How To Set up CSF Firewall on Ubuntu 22.04

In this article, we want to teach you How To Set up CSF Firewall on Ubuntu 22.04.

ConfigServer Firewall, also known as CSF, is a firewall configuration script created to provide better security for your server while giving you an advanced, easy-to-use interface for managing firewall settings. CSF configures your server’s firewall to lock down public access to services and only allow certain connections, such as logging in to FTP, checking email, or loading websites.

ConfigServer Firewall also comes with a service called Login Failure Daemon, or LFD. LFD watches your user activity for excessive login failures which are commonly seen during brute force attacks.

what you read in this post?

How To Set up CSF Firewall on Ubuntu 22.04

How To Set up CSF Firewall on Ubuntu 22.04

Before you start to complete this guide, you need to log in to your server as a non-root user with sudo privileges. To do this, you can follow our article the Initial Server Setup with Ubuntu 22.04.

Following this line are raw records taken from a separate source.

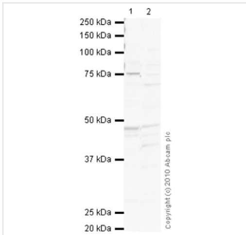
Western blot - Anti-Dopamine Receptor D1 antibody (ab40653)

All lanes : Anti-Dopamine Receptor D1 antibody (ab40653) at 1/1000 dilution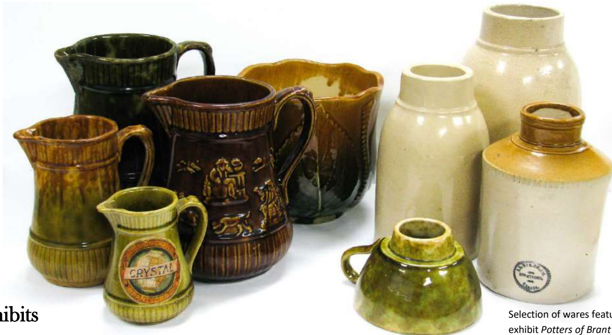
Selection of wares featured in the exhibit Potters of Brant & Norfolk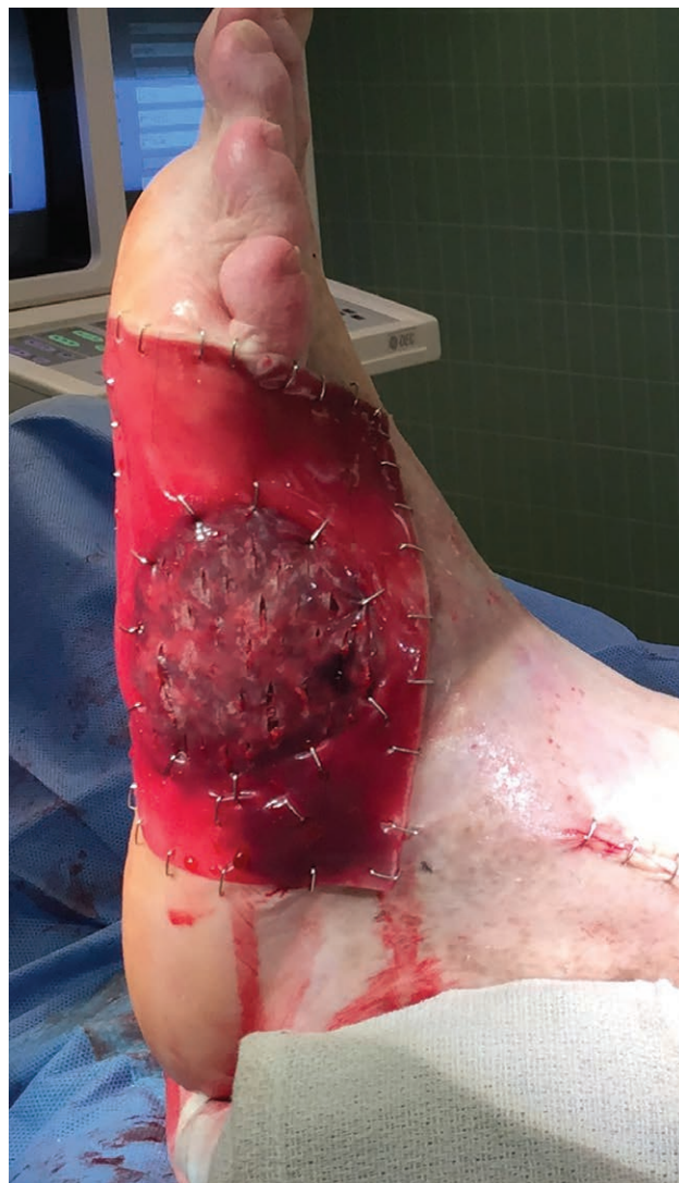
Fig. 2. Representative image of treatment strategy. After the preparation of the muscle flap as a wound cover, a 0.4-mm INTEGRA Bilayer Wound Matrix is applied over the muscle flap. A static circular external fixator is placed onto the lower extremity to allow for offloading of the surgical site and to limit motion across the flap site. Negative pressure wound therapy is applied for 7 to 10 days. Approximately 17 days later, a split-thickness skin graft (0.018 inches) is applied over the INTEGRA Bilayer Wound Matrix for definitive closure. INTEGRA Thin Skin Wound Matrix was placed on the donor skin graft site (not shown).

The fixator was removed at the time of healing. At the time of fixator removal, the limb was considered stable; the wound is fully healed and is not a risk to the limb. An example of the progression of healing up to the time of fixator removal can be seen in Figure 4. The average time to fixator removal was 8.3 weeks (Table 1). At the harvest site, there were hematomas present in 2 patients; 1 hematoma required evacuation. Of the 17 cases, there was 1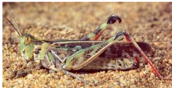
(Australian plague locust)

significant population increase in 2011 (APLC)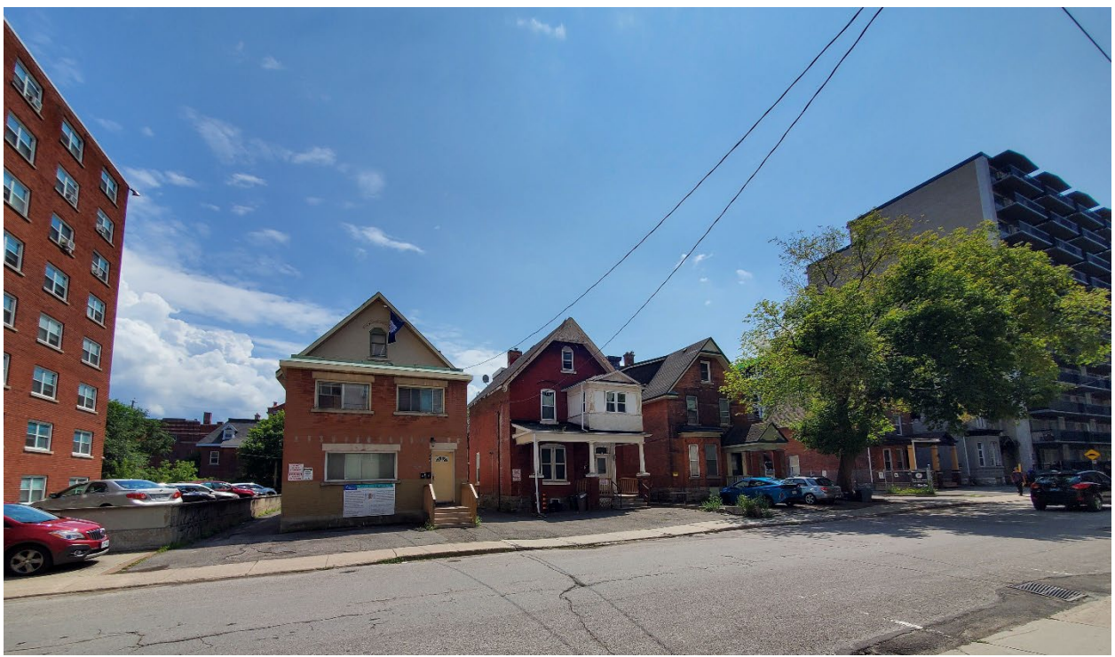
The streetscape along the south side of Lisgar Street, with the two subject properties in the middle (City of Ottawa, 2023).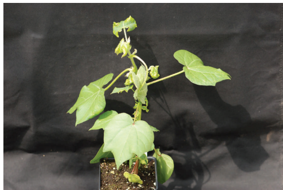
Fig. 15. Severe petiole epinasty.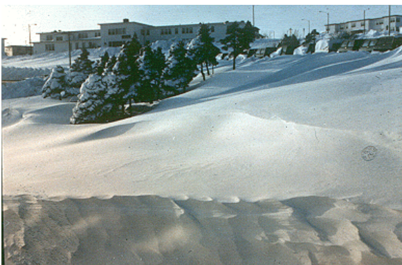
Severe snow drifting is as much a problem for the black spruce spinney as it is for pedestrians.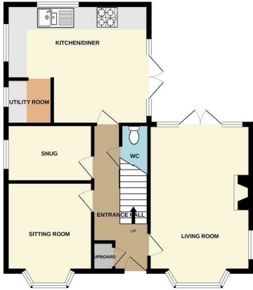
GROUND FLOOR 699 sq.ft. (65.0 sq.m.) approx.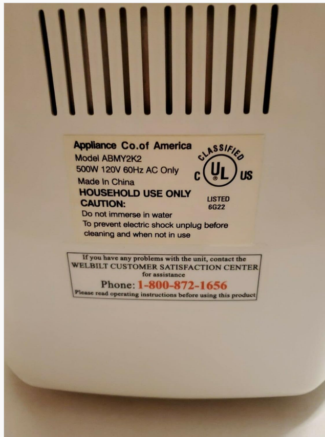
Image 5: Example of a product identification label for Welbilt Bread Machine Model ABMY2K2, showing model number and electrical specifications.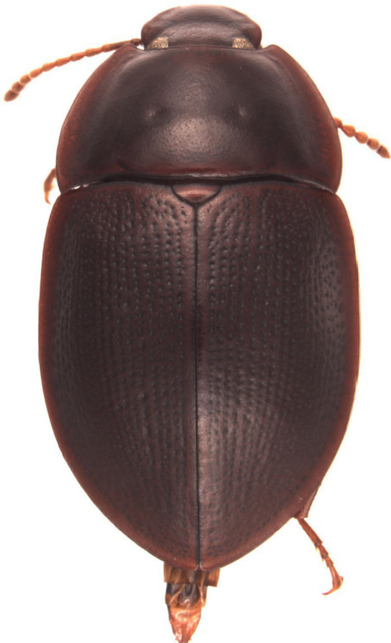
Figure 3. Celibe exulans (Pascoe, 1866).

Material examined. 1[elytron] / Blackburn Id, S side 31.5348°S 159.0585°E, 16 m, soil / debris under Melaleuca bushes above cliff, 15.viii.2019 C. Reid; 1[fragment] / Blackburn Id, S side 31.5351°S 159.0592°E, 26 m, soil / debris under old Melaleuca bushes above cliff, 15.viii.2019, C. Reid; 1[fragment] / Blackburn Id, S side 31.5350°S 159.0594°E, 32 m, soil / debris under Lagunaria , low bush, 15.viii.2019, C. Reid; 1[fragment] / Blackburn Id, S side 31.5351°S 159.0598°E, 20 m, soil / debris under Melaleuca bushes above cliff, 15.viii.2019, C. Reid; 1 / Blinky Beach, 31.5378°S 159.0806°E, 4–6 m, dead wood etc under stunted forest on dunes, 12.viii.2019, C. Reid & volunteers; 1[fragment] / Boat Harbour, vic. 31.5596°S 159.0982°E, 5–20 m, swept / rotten wood, 14.viii.2019, C. Reid & volunteers; 2 / Clear Place track, 1st 100 m from rd, 31.5276°S 159.0750°E, 42 m at night, 15.viii.2019, C. Reid, S. Thompson & volunteers; 1 / Mutton Bird Pt t'off, 31.5470°S 159.0906°E, 91 m, 14.viii.2019, C. Reid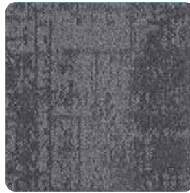
1330 STERLING ASH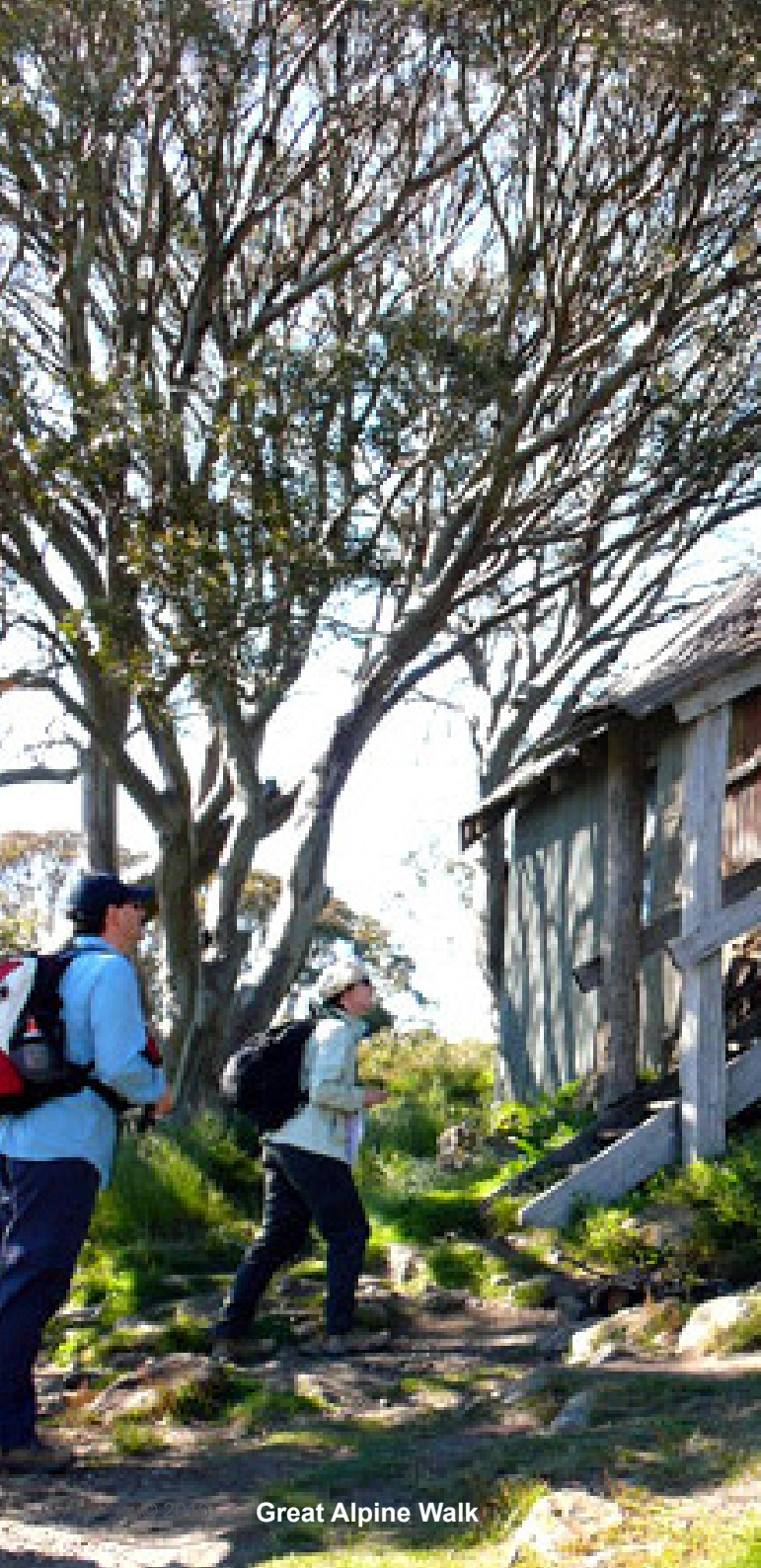
Great Alpine Walk

Now follow the steps below to install the CSF firewall on Ubuntu 22.04.

Install CSF Firewall on Ubuntu 22.04

First, you need to update your local package index with the following command:

sudo apt update

Then, install the required packages and dependencies with the following command:

sudo apt installperl zip unzip libwww-perl liblwp-protocol-https-perlsendmail-bin

Also, remember to remove the UFW firewall on Ubuntu 22.04 with the command below:

sudo apt remove ufw

By default, the CSF packages are not available in the default Ubuntu repository. So you need to download it from its official website on your server with the following command:

# cd /usr/src
# sudo wget http://download.configserver.com/csf.tgz

Next, extract your downloaded file:

sudo tar -xvzf csf.tgz

Now switch to your CSF directory and run the CSF installer script on Ubuntu 22.04 with the commands below:

# cd csf
#sh install.sh

Verify the required iptables modules for CSF are available with the command below:

sudo perl /usr/local/csf/bin/csftest.pl

In your output you will see:

Output
RESULT: csf should function on this server

You can verify your CSF installation by checking its version:

csf -v

Configure CSF Firewall on Ubuntu 22.04

As you know, CSF runs in testing mode. So you need to edit the CSF configuration file and disabled the testing mode.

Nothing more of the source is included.